The majority claim the urine testing condition is valid under Lent because it is intended to detect the presence of substances whose use by minors is unlawful, that, it “relates to conduct which is ... in itself criminal . . . .” Moreover, they claim that since the Legislature found that “alcohol and drug abuse” are “precursors of serious criminality” (Stats. 1989, ch. 1117, § 1, subd. (a)(2), p. 4113; maj. opn., ante, at p. 708, fn. 2) urine testing is “reasonably related to future criminality.”

*715This misconstrues the reach of the verb “relate” in the passage in Lent quoted from People v. Dominguez. “If the condition of probation is not directly related to the crime, the condition may be invalidated.” (People v. Dominguez (1967) 256 Cal.App.2d 623, 628 [64 Cal.Rptr. 290].) If there is no indication that substance abuse by the minor played a direct role in the offense or was a factor in bringing the offense about, the sentencing court abuses its discretion in imposing search or testing conditions pertaining to such substance abuse. (E.g., People v. Keller (1978) 76 Cal.App.3d 827 [143 Cal.Rptr. 184].) The refusal to “consent” to a physical test for drugs “is not in itself criminal” and compelling such “consent” is not a measure “reasonably related to future criminality” in the absence of a showing that substance abuse by the minor has played a role in his misconduct or has even occurred. (Ibid.., also cf., e.g., In re Todd L. (1980) 113 Cal.App.3d 14, 20 [169 Cal.Rptr. 625]; In re Jose R. (1982) 137 Cal.App.3d 269, 278-280 [186 Cal.Rptr. 898]; In re Layah K. (1991) 229 Cal.App.3d 1496, 1502 [281 Cal.Rptr. 6], all justifying alcohol or narcotics search or testing conditions on the substance abuse of the minor.)

Nor can the urine testing condition be upheld on the ground there is information in the record that persons related to the minors have abused drugs or alcohol. The probation report notes that the defendants’ biological father is a drug dealer, their grandmother was an alcoholic, and the district attorney asserted in argument that Jason, the boy whose fight precipitated these proceedings, was known to use alcohol and marijuana. However, as the minors note, they neither desire nor have they had contact with their biological father for many years, their grandmother died before they were bom, and they are prohibited from any association with Jason.

In our society it is virtually always the case that a minor will have some connection to one or more persons who have abused alcohol or other drugs. This ubiquitous consideration does not warrant a urine testing condition without something indicating that the nature of the relationship affords an inference the minor is more likely to use drugs or alcohol than other minors. There is nothing of this nature in the present cases.
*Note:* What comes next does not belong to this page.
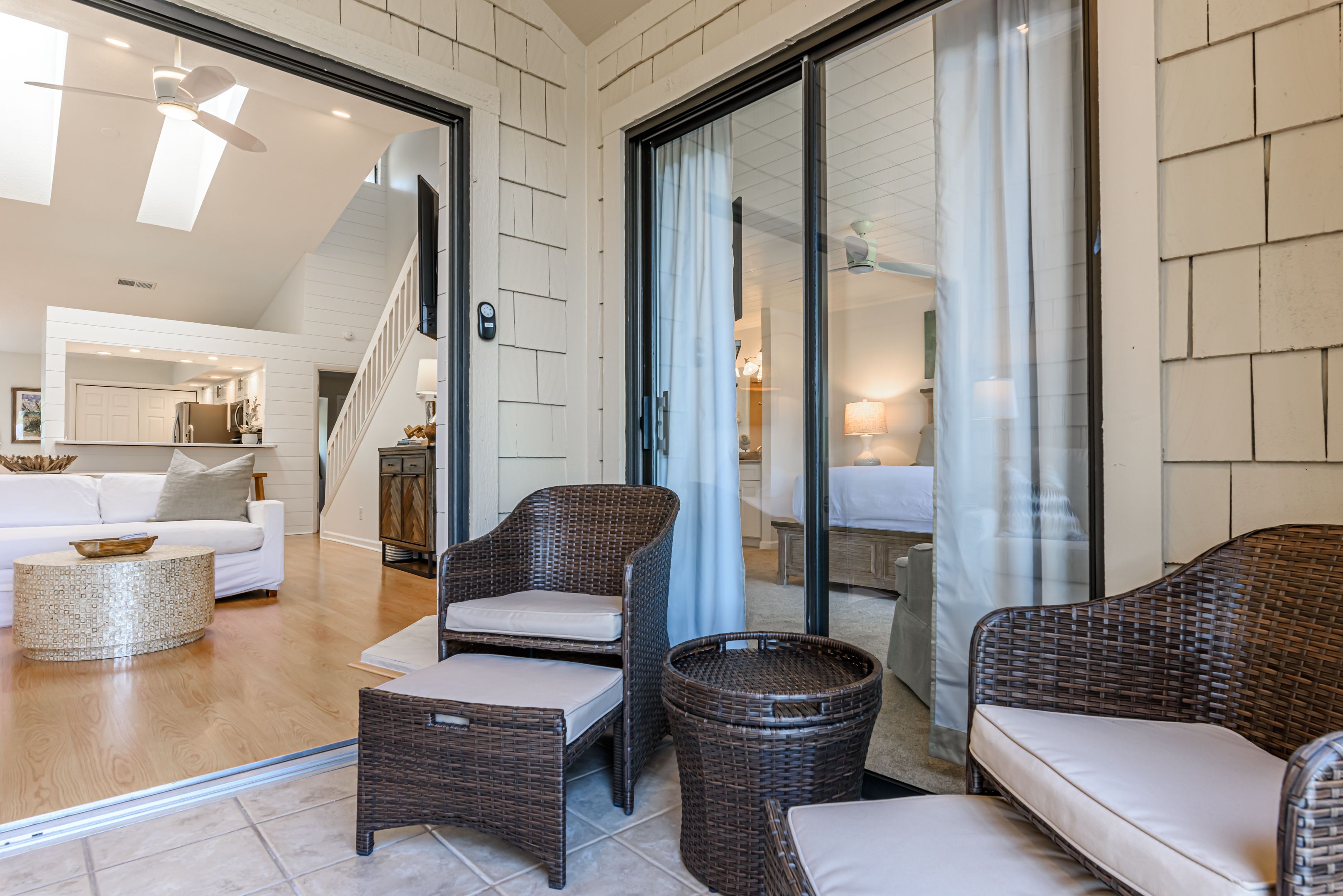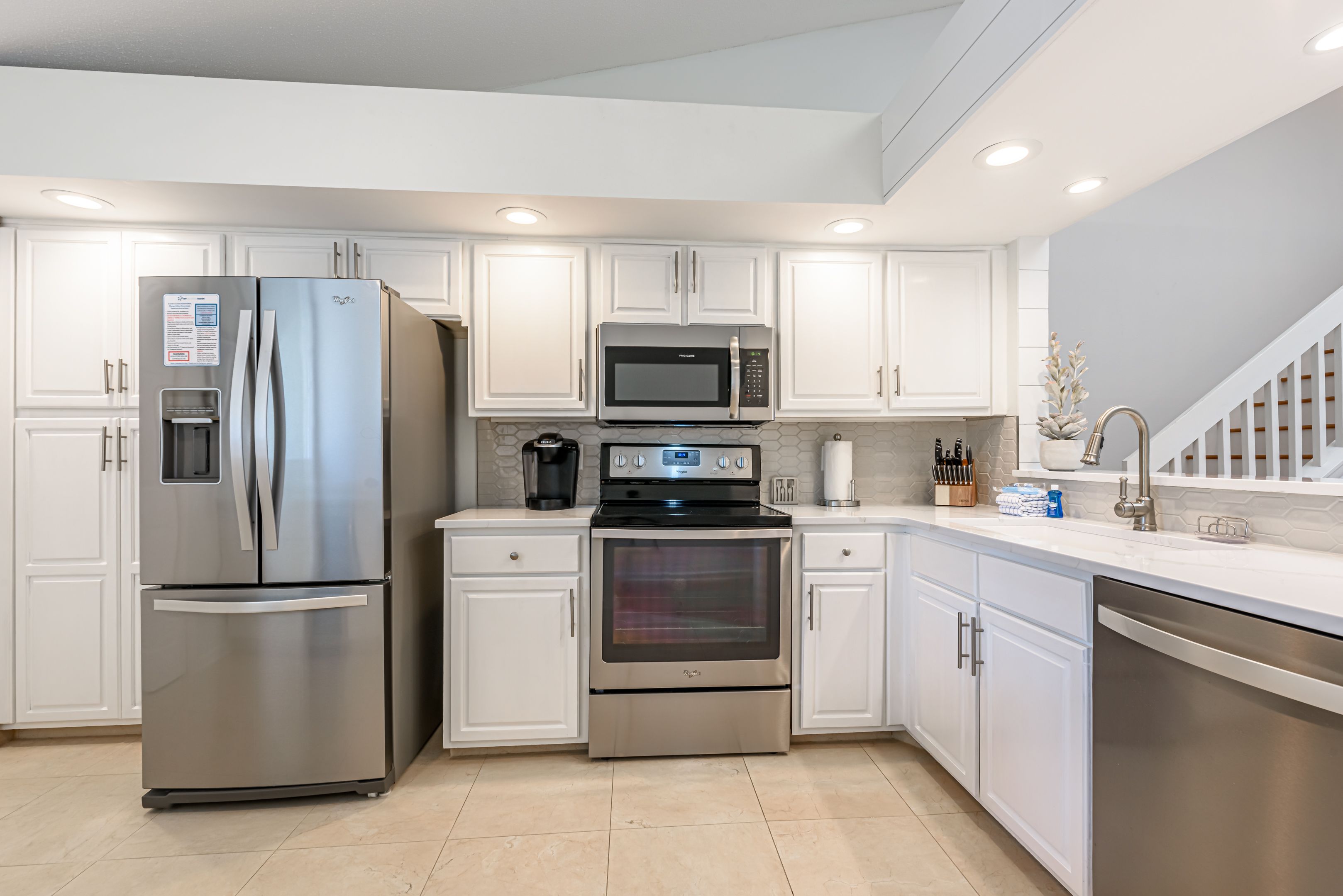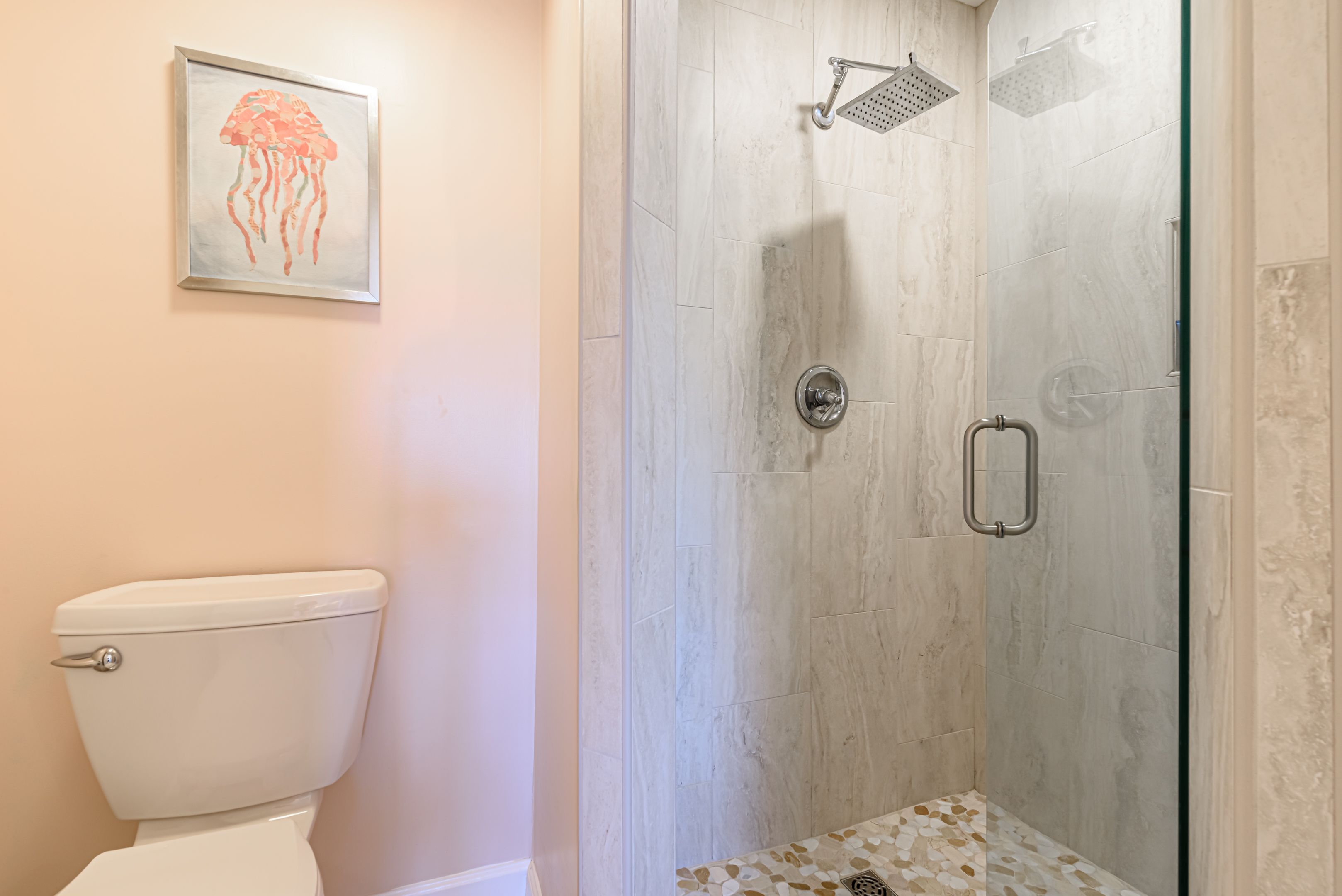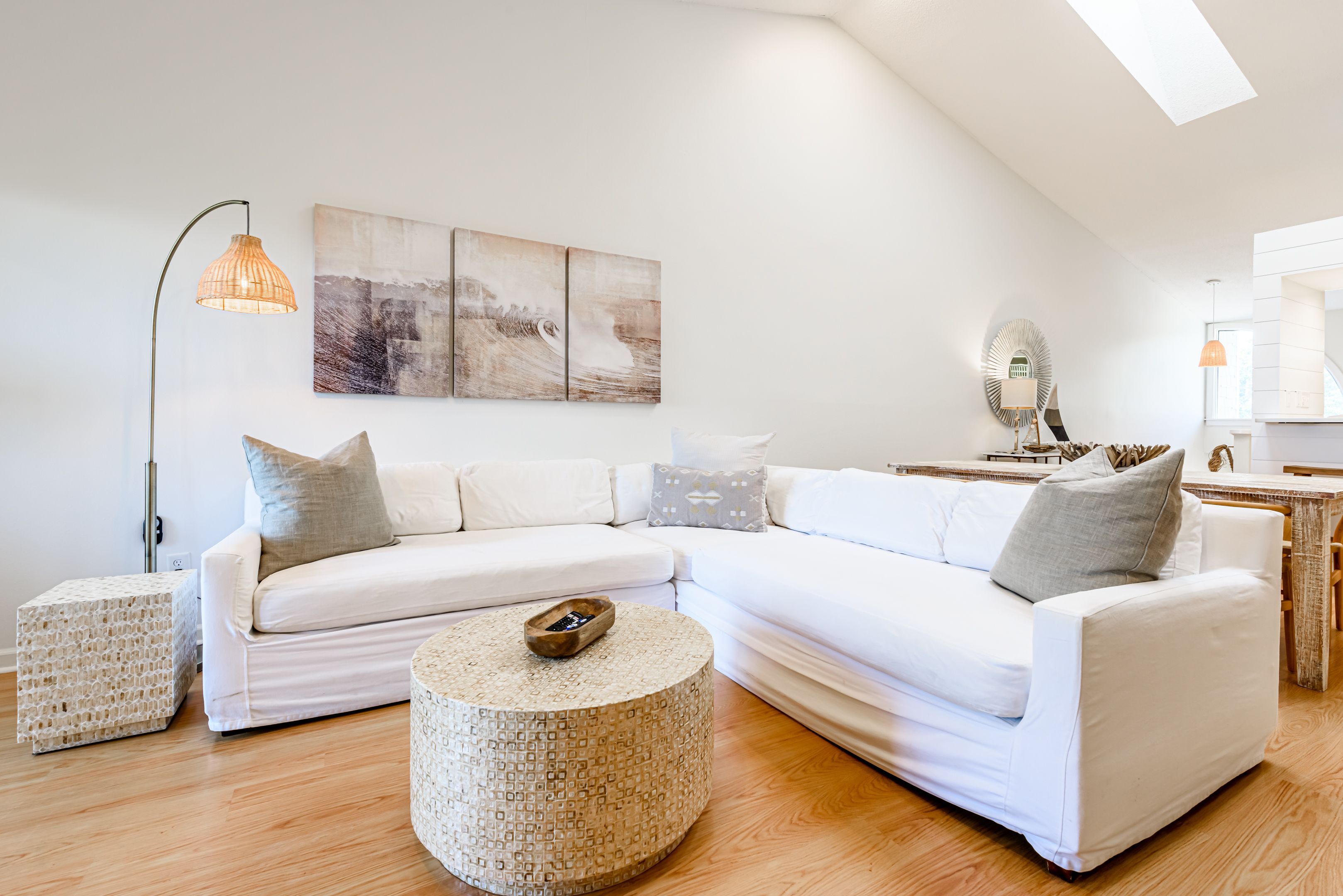 When it comes to sleeping arrangements, home can sleep up to 8 guests comfortably. On the first floor, you’ll find both guest rooms, each featuring private baths for maximum comfort. Upstairs, you’ll find the master suite with king bed, double vanity, tub/shower combo, and lots of closet space.

There is simply nothing in the record which links the conduct of the minors to drug or alcohol abuse. Accordingly, the trial court erred in imposing the urine testing condition.

Appellants’ petitions for review by the Supreme Court were denied March 17, 1999. Mosk, J., and Kennard, J., were of the opinion that the petitions should be granted.

Section 729.3 is part of a program “designed to reach our children before they become habitual criminals, and requires the intervention by the juvenile justice system at the earliest signs of drug abuse, gang affiliation, and other antisocial behavior.” (Stats. 1989, ch. 1117, § 1, subd. (b), p. 4113.)